Arithmetic In Assembly
CS 301 Lecture, Dr. Lawlor
Simple Assembly
Try out this code in NetRun:
mov eax, 1492 ; Comment
(executable NetRun link)
This is NASM assembly code for x86, which you'll have to select from
the dropdowns. You can also just click on the assembly.
Ok, so this returns 1492. Why--what the heck does this mean? Let's look at it piece by piece:
- mov is the assembler "mnemonic" (memorable human-readable string) for the x86 "move" instruction/opcode.
- eax
is the register we're moving *to*. Note that the assignment
target is the first thing listed. The register eax stores the
return value of a function.
- 1492 is the thing we're moving--the
constant. You can write
constants in decimal (normally) or
hex (by starting with 0x) exactly like C. You can also do
arithmetic and bitwise manipulation in your constants, like "mov eax,
3+(15&7)". You CANNOT do arithmetic with registers, though!
- The semicolon sign begins a comment, NOT a new line! And semicolons are OPTIONAL!
How is this different from C? Well, like most assemblers,
- It's line-oriented. Try putting a newline after the
comma--it doesn't compile (er, assemble). Each line has one
instruction.
- It's not case sensitive. "MoV" and "eAx" work just as well as above.
All the assembler does is take this line, and spit out the
corresponding machine code.
NetRun disassembles the resulting
machine code as:
Disassembly of section .text:
00000000 <foo>:
0: b8 d4 05 00 00 mov eax,0x5d4
5: c3 ret
6: c3 ret
The x86 "mov 32-bit immediate value into register eax" instruction
opcode is 0xB8. It's followed by the 32-bit (4-byte) value to
move, stored in the little-endian byte order that is standard on x86, so 1492 (decimal) becomes 0x000005D4 (hex), and the "0xD4" byte comes first, followed by the higher-value bytes.

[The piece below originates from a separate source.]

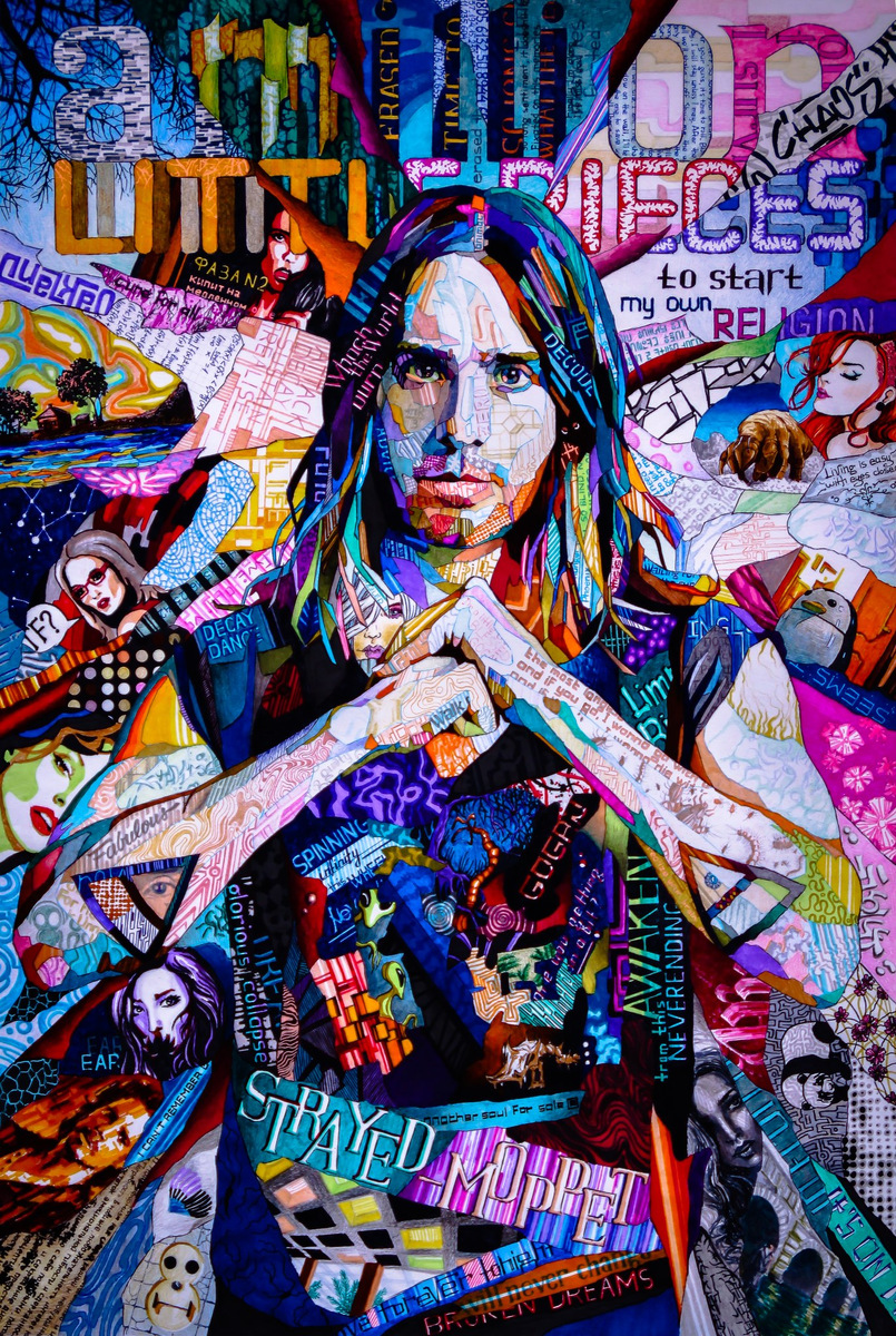 История вполне обыденная. Пришёл на выставку и увидел там картины, склеенные из журнальных обрезков. Там были изображены предметы, а я вернулся домой и нарисовал портрет. В том же стиле, но карандашами, имитируя обрезки. К моему удивлению, получилось круто! В этом есть своя философия. Вырванные из контекста кусочки – это метафора современного мира. Мы видим информацию в интернете, в магазинах, в новостях, но нас не интересует вся картина – мы выхватываем фрагменты и перелистываем страницу. Большую часть нашего повседневного существования составляют именно эти фрагменты.

You can *run* this machine code from any C/C++ program by getting these
bytes into memory somewhere, and then executing the bytes:
unsigned char my_code[] = {
0xb8, 0xEF, 0xBE, 0x00, 0x00,
0xc3
};
int foo(void) {
typedef int (*fn_t)(void); /* define "fn_t" as a function pointer type */
fn_t my_fn=(fn_t)my_code; /* cast "my_code" array into a function pointer */
return my_fn(); /* execute the "my_code" array */
}
(executable NetRun link)
It's not very common to write machine code by hand like this, but it's
fun! And there are situations where it's useful to write a
program that builds and calls a little piece of machine code, like a Just-In-Time compiler.
Arithmetic In Assembly
Here's how you add two numbers in assembly:
- Put the first number into a register
- Put the second number into a register
- Add the two registers
- Return the result
Here's the C/C++ equivalent:
int a = 3;
int c = 7;
a += c;
return a;
And finally here's the assembly code:
mov eax, 3
mov ecx, 7
add eax, ecx
ret
(executable NetRun link)
Here are the x86 arithmetic instructions. Note that they *all*
take just two registers, the destination and the source.
Opcode
|
Does
|
Example
|
add
|
+
|
add eax,ecx
|
sub
|
-
|
sub eax,ecx
|
imul
|
*
|
imul eax,ecx
|
idiv
|
/
|
idiv eax,ecx
|
and
|
&
|
and eax,ecx
|
or
|
|
|
or eax,ecx
|
xor
|
^
|
xor eax,ecx
|
not
|
~
|
not eax
|
Be careful doing these! Assembly is *line* oriented, so you can't say:
add (sub eax,ecx),edx
but you can say:
sub eax,ecx
add eax,edx
Reading Input in Assembly
You use the "call" instruction to call functions. You can
actually call cout if you're really dedicated, but the builtin NetRun
functions are designed to be a little easier to call. You first
need to tell the assembler that "read_input" is an external
function. All you do is say "extern read_input". Then you
run that function, with "call read_input", and the CPU will execute the
read_input function until it returns. Before read_input returns,
it puts the read-in value into eax, where you can grab it.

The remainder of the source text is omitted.